Australia's solar snowball

Yesterday, almost every solar and renewable advocacy and industry group in the country discussed key issues, including the accelerating speed of Australia's 'solar snowball'. The main topic was the RET however, and the conclusion: If it ain’t broke…

Yesterday, a little bit of Australian solar history was made.

For the very first time ever (that I am aware of) pretty much every solar and renewable advocacy, lobbying and industry organisation in the country got together around a table (with a couple of apologies from those unable to attend).

To their great credit, the Australian Solar Energy Society arranged this event. Although our associations do try to align, the reality is there are different agenda’s, priorities, ambitions and skill-sets so in the midst of the day to day grind everyone (myself included) just tends to get on with things and we don’t always communicate as much as we should. None of us are perfect.

It was a much needed, logical coming together of like-minded and engaged organisations and it was refreshing to hear a wide variety of views. A date for the next meeting is already set. As Commander Spock said “Logic is the beginning of wisdom, not the end”.

The topic of the day was a debate and discussion on the Renewable Energy Target, which seems to have taken the mantle as our industry’s softest target right now. Despite its extraordinarily low cost to government and society, and its incredible results in terms of helping stimulate demand and work towards a clean energy target, the RET has recently been coming under increasing attack.

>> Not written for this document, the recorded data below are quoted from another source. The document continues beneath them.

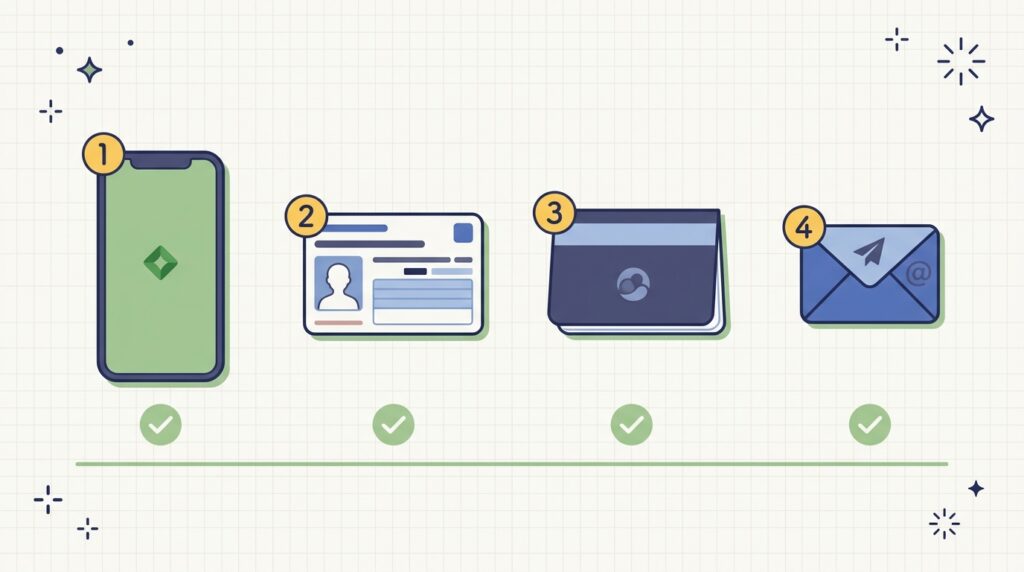 結論:手元に「スマホ・本人確認書類・銀行口座情報・メールアドレス」の4点があればOK。準備5分です。
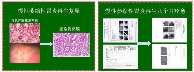 慢性萎縮性胃炎是胃黏膜細(xì)胞的變異,而我們能在一年之內(nèi)把慢性萎縮性胃炎原位再生復(fù)原,如果人的胃器官患有頑疾后能原位再生復(fù)原,那么人體各器官的器質(zhì)性病變也都能原位再生復(fù)原。這就形成了器官頑疾被治愈的再生生命定律。
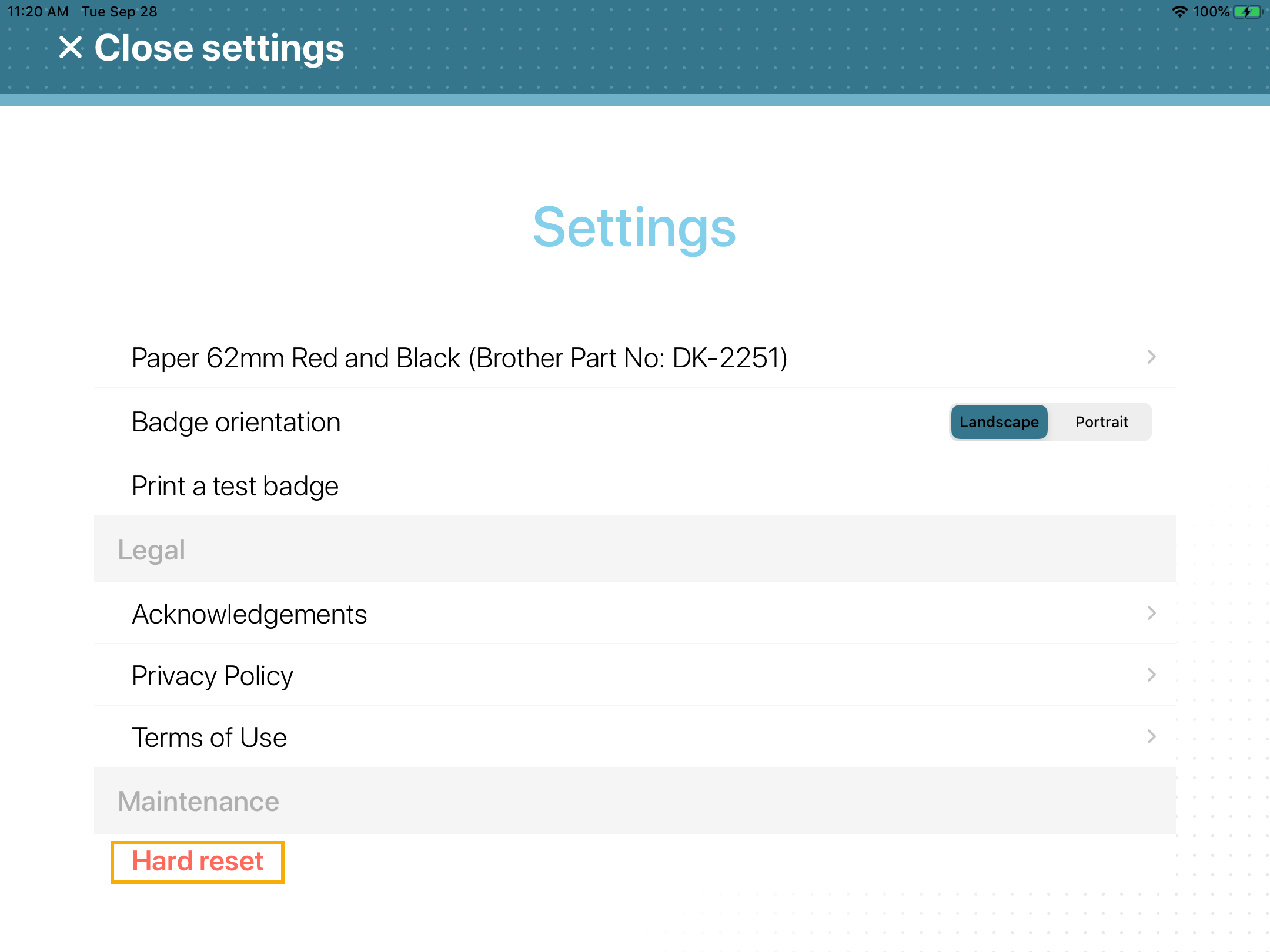 Dans certains cas, vous souhaiterez effectuer une réinitialisation complète de l’application mobile Genetec ClearIDMC Self-Service Kiosk. Par exemple, si vous rencontrez des problèmes pour sélectionner l'imprimante d'étiquettes, imprimer les étiquettes, afficher les personnes, ou si vous souhaitez déplacer la borne vers un autre site.

It’s not a perfect scheme (show me one that is), but it is getting results, it is in place and it is understood by industry. That alone would seem reason enough to let it be. It ain’t broke, so don’t try to fix it.

Having said that there was unanimous agreement that the Clearing House is not clearing and this needs urgent attention. It was also agreed that the target is potentially out of step with what is likely to be delivered by the PV industry alone, let alone other renewable technologies.

I was fortunate to do a short presentation during which I talked about what has been happening recently in our industry and how we are in the process of dramatically lifting our forecasts for this year and the near term. We unequivocally have a most ironic ‘solar snowball’ ramping up speed and its headed straight at the enshrined, conventional energy industry. And they are somewhat miffed.

Around the fringes we also have a bunch of factors aligning. A 1MW solar farm with storage is going to be built by Infigen and McKinsey have forecast a 70 per cent drop in storage prices by 2025. AC modules are being released and sold in increasing amounts, a brand new product segment in Australia. Smart inverters and energy management devices are being prepared for release. And at a global level, Foxconn (one of the world’s largest electronics manufacturers) has announced “it’s in” the solar industry.

Next week is Clean Energy Week and I reckon the timing for this event is perfect; I for one am hugely excited about hearing the latest on these developments and painting a clearer picture of our solar snowball’s trajectory.

Nigel Morris is the Director of Solar Business Services.